Przywołany lekarz odsunął kotarę, kreśląc coś na podkładce, znad której zerknął na Hashire.
— Przecież widzę, że odzyskała świadomość.
— Ta. W cholerę. — Majima uniósł jej nadgarstek nad kołdrę i puścił, a ręka bezwładnie opadła, odbijając się od materaca. — Coś ty jej zrobił, doktorku? Kompletnie mi ją odmóżdżyłeś!
Dopiero teraz lekarz opuścił kajet i poświęcił Majimie więcej uwagi.
— Jakie tak właściwie łączą cię relacje z moją podopieczną? — zapytał z czystej ciekawości.
— Ma dla mnie pracować.
— I tak się o nią troszczysz, chociaż nawet jeszcze nie jest twoim pracownikiem, ani… Nikim więcej?
— Nie troszczę, tylko… Ma dla mnie pracować! — powtórzył uparcie Majima, zakładając ręce na ramiona, ale pod surowym spojrzeniem doktora poczuł potrzebę obszerniejszego wytłumaczenia motywów swojego postępowania. — Będzie… Jest mi potrzebna. Ma w sobie coś, co… uczyni mnie silniejszym — ostatnie zdanie wypowiedział ciszej, a na uniesione brwi doktora, zaperzył się i wrócił do śpiewki na temat pracy.

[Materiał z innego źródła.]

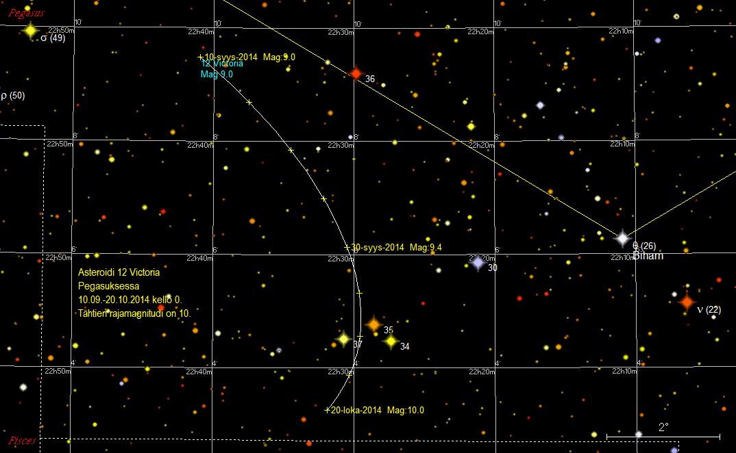 etäisyydeltä. Asteroidin liike muuttuu eteneväksi 8. lokakuuta. Victoria on 9. lokakuuta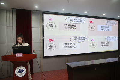 中医学专业参赛员工代表2016级中医本科班王娟娟作了《承岐黄薪火 杨中医文化》的专题报告,她在报告中谈到参加此次大赛最大的收获就是“提升素质、深挖潜力”,并概述了本次参赛的心得体会,“接受挑战坚定不移、知识储备持之以恒、团队合作取长补短、轻松心态从容应对”。
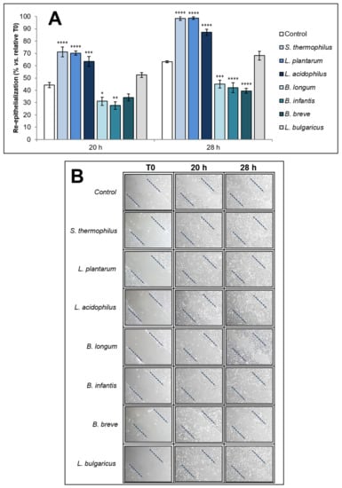Figure 1. Effect of the soluble fraction of bacterial lysates on re-epithelialization of HaCaT cell line scratched monolayers at different time points. (A) Effect of bacterial samples (50 µg/mL) on the wound closure rate (% vs. relative T0) of scratched monolayers at 20 and 28 h. Data are expressed as mean ± SEM of three independent experiments in duplicate. For comparative analysis of groups of data, a two-way analysis of variance (ANOVA) with post hoc Dunnett test was used. * p < 0.05, ** p < 0.01, *** p < 0.001, **** p < 0.0001 vs. control (untreated). (B) Representative images of HaCaT monolayer re-epithelialization in the absence (control) or presence of bacterial samples (50 µg/mL) at 20 and 28 h after injury (10× magnification).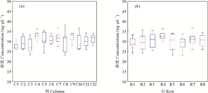 ((a)12列之间的浓度分布箱型图; (b) 8行之间的浓度分布箱型图。(a) Boxplot of mean product concentration per column; (b) Boxplot of product concentration per row. ) 图 4 探针纯化后列之间和行之间的浓度箱型图 Fig. 4 Box diagrams between columns and rows after purification |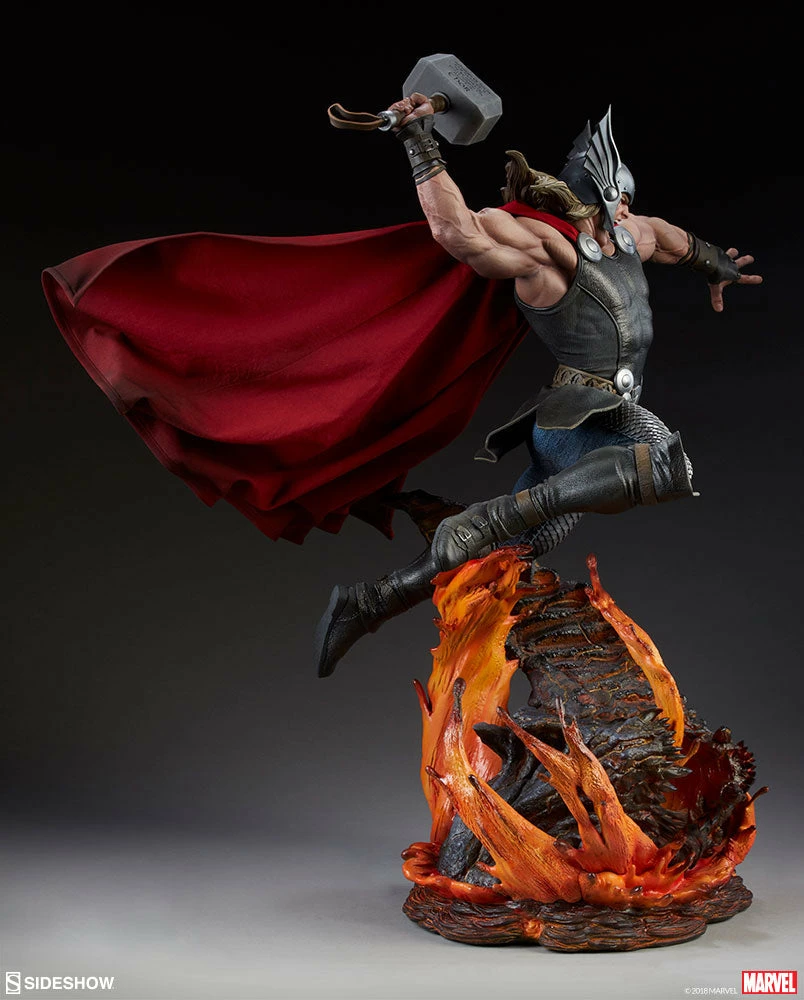 The Thor: Breaker of Brimstone Premium Format™ Figure measures 25.5” tall, as the God of Thunder summons the strength of Mjolnir to fight his molten foe Surtur. As Thor descends into the realm of Muspelheim, plumes of lava erupt from around the fire giant-themed base.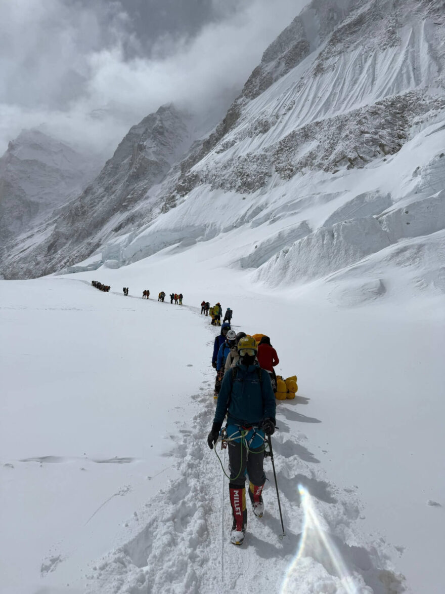 Asi desetimetrový vertikální žebřík v ledopádu Khumbu mezi EBC a C1. Everest, Himálaj, Nepál.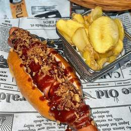 Pan brioche, salchicha rellena con queso cheddar, envuelta en bacon, con salsa BBQ y lluvia de cebolla crunchy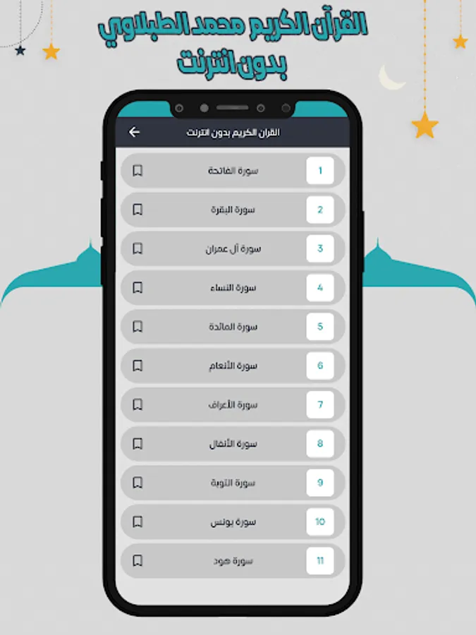 The application of the Noble Qur’an with the voice of Muhammad Al-Tablawi allows you to hear all the surahs of the Noble Qur’an through your mobile phone or tablet with ease and ease through one program that contains all the surahs of the Noble Qur’an, and the Quran recitation application is characterized by the voice of Muhammad Al-Tablawi by being free as it is available on the store for phones Android. And you can download the application of the Noble Qur’an with the voice of Muhammad Al-Tablawi with ease so that you can enjoy reciting the Noble Qur’an with the voice of Sheikh Muhammad Al-Tablawi wherever you want.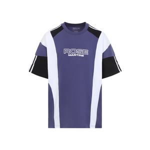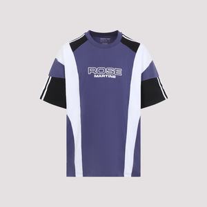 Men > Clothing > Topwear > T-Shirts Martine Rose purple indigo blue cotton oversized panelled T-shirt. Pure cotton T-shirt with round neck, chest contrasting white lettering logo2, and short sleeves. Features back stripes on the cuffs and sleeves, straight hem, side white details, indigo blue details on the shoulders, and a multipanel design.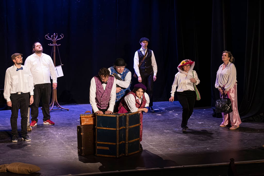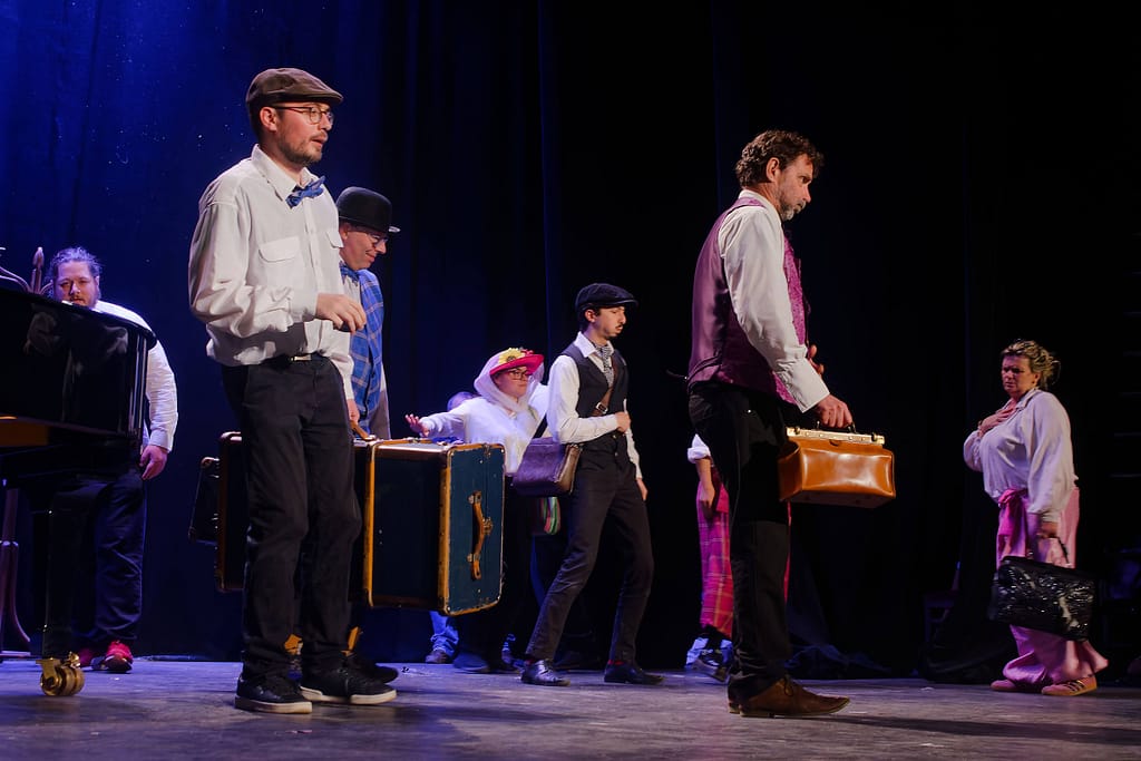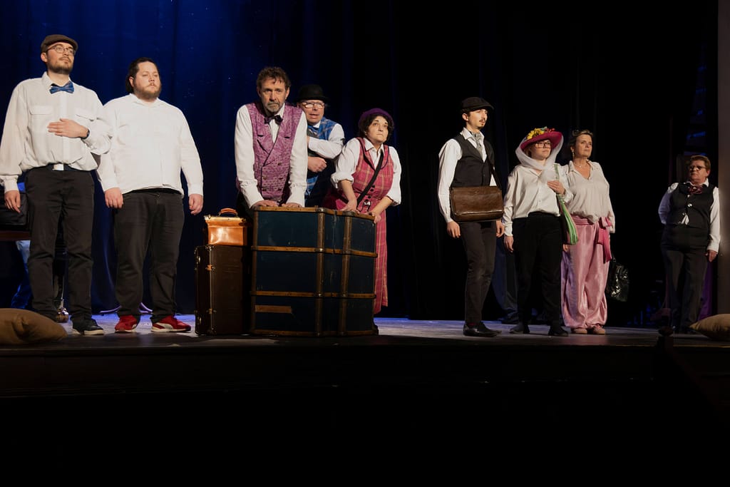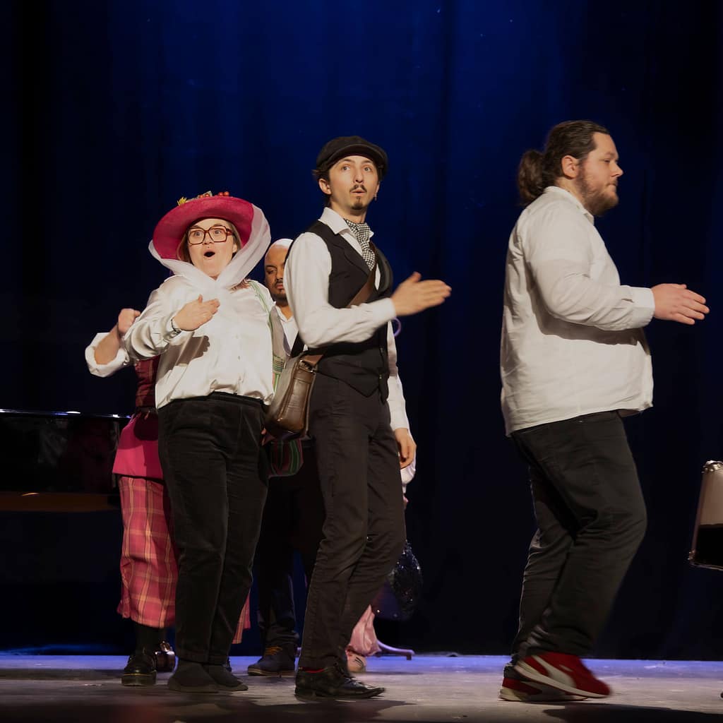 Distribution : Avec les patients et les infirmiers de l’Hôpital de Jour Érasme du GHEF Christophe, Henri, Thomas, Sarah, Daniel, Rayhan, Laure, Anthony, Catherine, Céline Comédien Léo Bauchet Pianiste Frédéric Couraillon Mise en scène et adaptation Amélie Blottiere Costumes Anne Chambault Conseillère Chorégraphique Stéfany Ganachaud Création Lumière Lionel Doucet.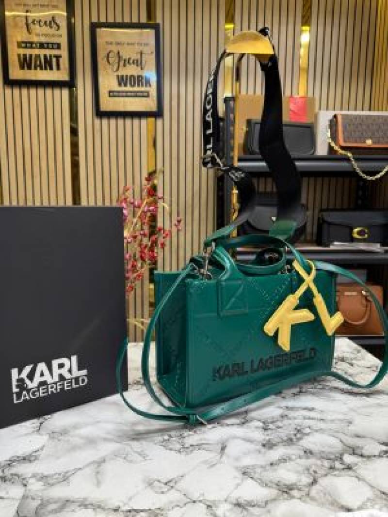 • Karl Lagerfeld KSKUARE Embossed Small Tote Bag GREEN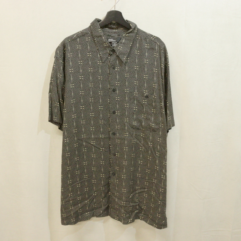 - d432 90sビンテージ MARCEDWARDS 半袖レーヨンシャツ■1990年代製 表記2XLサイズ 黒 総柄 アメカジ ストリート 古着 古着卸 激安 希少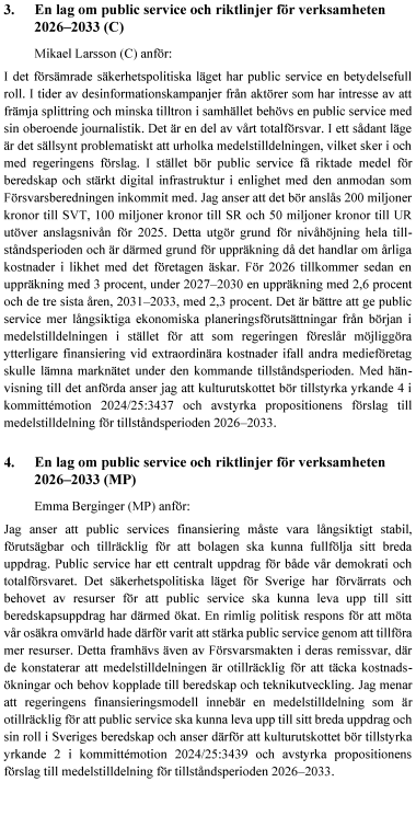 Miljöpartiet anser att public services finansiering måste vara långsiktigt stabil, förutsägbar och tillräcklig för att public service-företagen ska kunna fullfölja sitt breda uppdrag. Regeringens finansieringsmodell, baserad på kommitténs förslag, innebär en uppräkning av medelstilldelningen med 3 procent för 2026, därefter 2 procent per år 2027–2030 och 1 procent per år 2031–2033. Jag menar att denna nivå på medelstilldelningen är otillräcklig för att public service ska kunna leva upp till sitt breda uppdrag och sin roll i Sveriges beredskap. I ett läge med hög inflation och ökade kostnader kommer en alltför låg uppräkning att urholka public service-företagens ekonomi.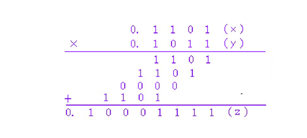 运算过程与十进制乘法相似:从乘数y的最低位开始,若这一位为“1”,则将被乘数x写下;若这一位为“0”,则写下全0。然后再对乘数y的高一位进行乘法运算,其规则同上一步,不过这一位乘数的权与最低位乘数的权不一样,因此被乘数x要左移一位。以此类推,直到乘数各位乘完为止,最后把它们统统加起来,便得到最后乘积。

— A w jakim charakterze ma być ta praca? — zapytał jeszcze lekarz, a jego usta wygiął drwiący uśmieszek.
— Ty się nie interesuj, doktorku — zdenerwował się Majima, orientując się, że Emoto ośmiela się z niego kpić. — Miała być na dzisiaj sprawna, a ja nie mogę się z nią skomunikować!
— Daj jej jeszcze dwie godziny. Niech dojdzie do siebie.
— Przespała cały dzień!
— Jak chcesz, Majima. — Doktor wzruszył ramionami, znów unosząc podkładkę. — możesz ją stąd zabrać choćby zaraz. Ale bez kroplówki nie dojdzie do siebie szybciej.
Majima zacisnął zęby i nic nie odpowiedział. Nie dał też ponieść się emocjom. Oparł się o krzesło (ręce wciąż założone na piersi) i postanowił wykazać się wspaniałomyślnością. Czuł, że dziewczyna jest warta tego, by uruchomić rezerwy cierpliwości. Niech będzie. Zaczeka.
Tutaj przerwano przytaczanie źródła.